Complexity and CASs are closely related but distinguishable. Complexity is described as "not simple," complicated, involved, and with many component parts. The assembly of equipment, intravenous tubing, and supplies surrounding an intensive care unit patient is visually complex. However, it is the dense web of human to human, machine to human, and machine to machine interactions that creates a CAS. Complexity, in part, drives the formation of CASs.
Complex adaptive systems yearn for order. When unstable, complex systems adapt and transition to a new state through self-organization and emergence.16 An example is the "work-around" in which staff, dissatisfied with a change, subtlety yet collectively detour around a new process. Care planning is one such instance where the complex nature of a process has historically resulted in self-organization and the emergence of work-arounds. If the forms used are cumbersome and the information collected considered irrelevant, care plans are often completed in a manner that, at most, meets the minimum requirements of regulatory agencies. Care planning approached from this perspective is nonvalue added and amplifies nurses' frustration with growing paperwork demands.
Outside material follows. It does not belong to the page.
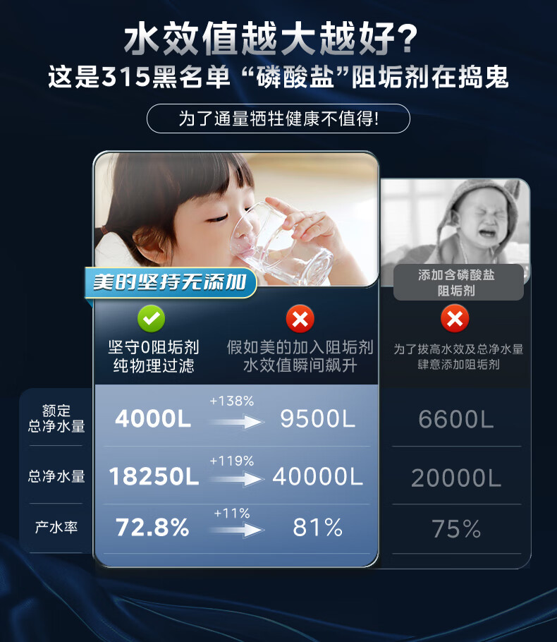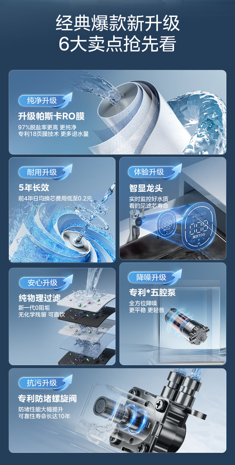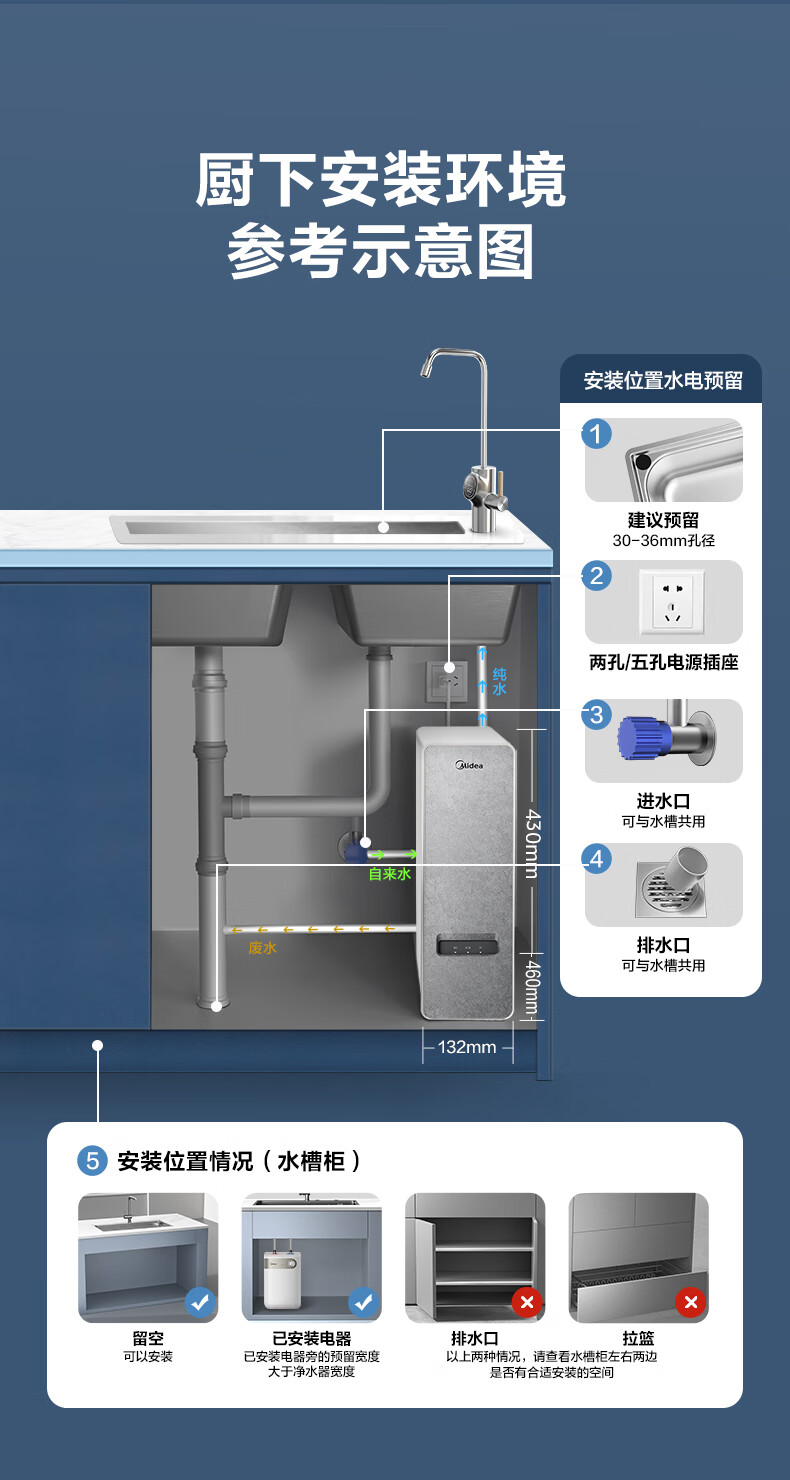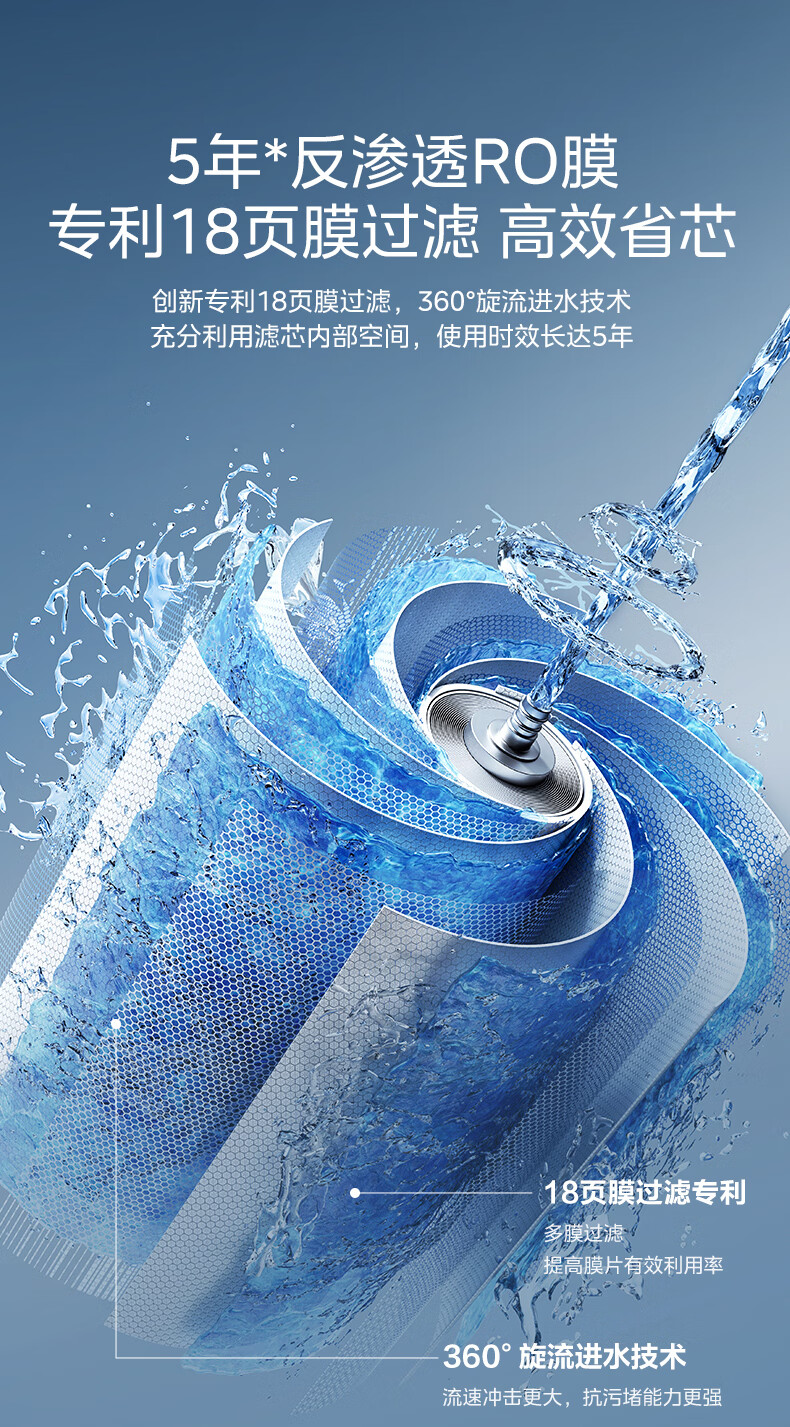 美的(Midea)净水器家用0阻垢剂白泽1000G 5年长效RO反渗透 厨下式净水机过滤器直饮机净水机 智能数显

Viewed from a CAS perspective, much of the frustration in care planning is the result of combinatorial explosion. The concept of combinatorial explosion arises when a system is presented with a multitude of potential "states."9,11 A state is a condition, situation, or circumstance at a given time. Patients with heart failure admitted through the emergency room may arrive in an acute state. However, once treatment has been provided, the acute state will likely transition to a stable state. In healthcare the combination of potential states a patient may experience is the driving force behind combinatorial explosion. For example, there are 167 North American Nursing Diagnosis Association (NANDA)22 approved diagnoses. The "state space" for all combinations of NANDA diagnosis is calculated by increasing 2 (either the patient has the diagnosis or does not) to the 167th power. Furthermore, each diagnosis is linked to a variety of signs, symptoms, and etiologies. The result is a near infinite number of potential diagnostic combinations to be considered when formulating a care plan. This is combinatorial explosion.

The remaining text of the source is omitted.